I would not use the logging facility unless you cannot implement the solution above; logging most likely involves locking overhead to ensure log lines are written sequentially and do not overlap/overwrite each other when multiple backends write to the log (check the Postgres source.) The locking overhead may not be catastrophic, but you can do without it if you can use the incremental SELECT alternative. Moreover, statement logging would drown out any useful WARNING or ERROR messages, and the parsing itself will not be instantaneous.
Unless you are willing to parse WALs (including transaction state tracking, and being ready to rewrite the code everytime you upgrade Postgres) I would not necessarily use the WALs either -- that is, unless you have the extra hardware available, in which case you could ship WALs to another machine for extraction (on the second machine you can use triggers shamelessly -- or even statement logging -- since whatever happens there does not affect INSERT/UPDATE/DELETE performance on the primary machine.) Note that performance-wise (on the primary machine), unless you can write the logs to a SAN, you'd get a comparable performance hit (in terms of thrashing filesystem cache, mostly) from shipping WALs to a different machine as from running the incremental SELECT.
if you can think of a 'checksum table' that contains only the id's and the 'checksum' you can not only do a quick select of the new records but also the changed and deleted records.

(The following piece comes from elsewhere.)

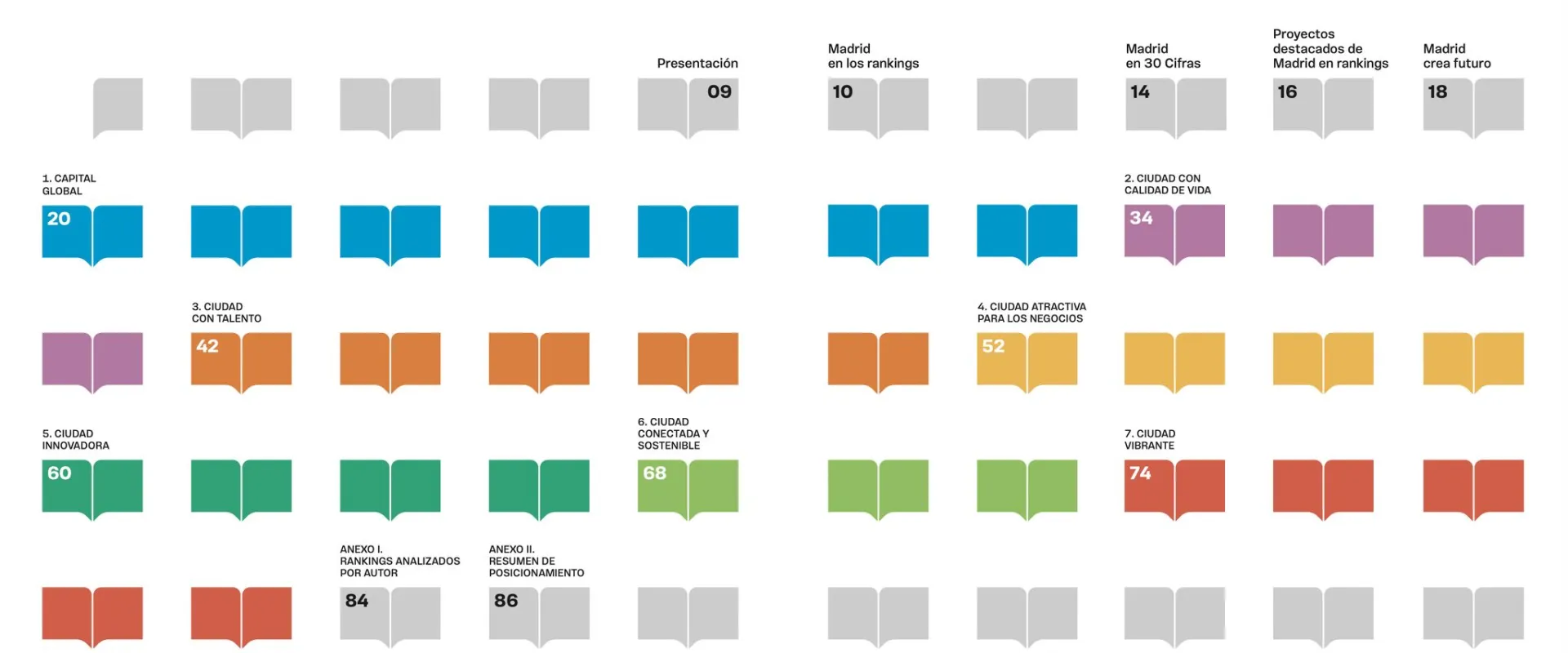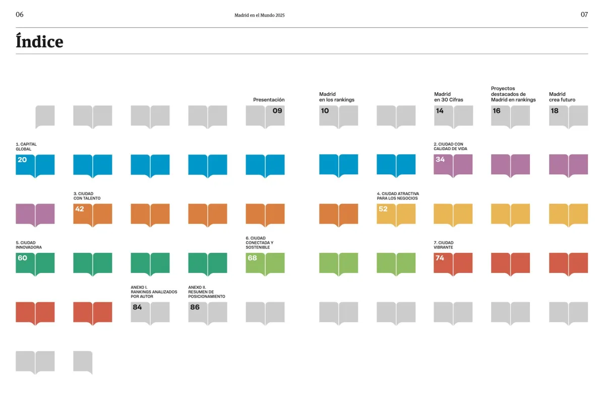 El trabajo de Faura pone en valor el diseño como herramienta estratégica para comunicar información institucional de forma rigurosa y, al mismo tiempo, cercana. La publicación no solo recopila cifras, sino que construye un relato visual coherente sobre el posicionamiento internacional de Madrid.

the checksum could be a crc32 checksum function you like.
The new ON CONFLICT clause in PostgreSQL has changed the way I do many updates. I pull the new data (based on a row_update_timestamp) into a temp table then in one SQL statement INSERT into the target table with ON CONFLICT UPDATE. If your target table is partitioned then you need to jump through a couple of hoops (i.e. hit the partition table directly). The ETL can happen as you load the the Temp table (most likely) or in the ON CONFLICT SQL (if trivial). Compared to to other "UPSERT" systems (Update, insert if zero rows etc.) this shows a huge speed improvement. In our particular DW environment we don't need/want to accommodate DELETEs. Check out the ON CONFLICT docs - it gives Oracle's MERGE a run for it's money!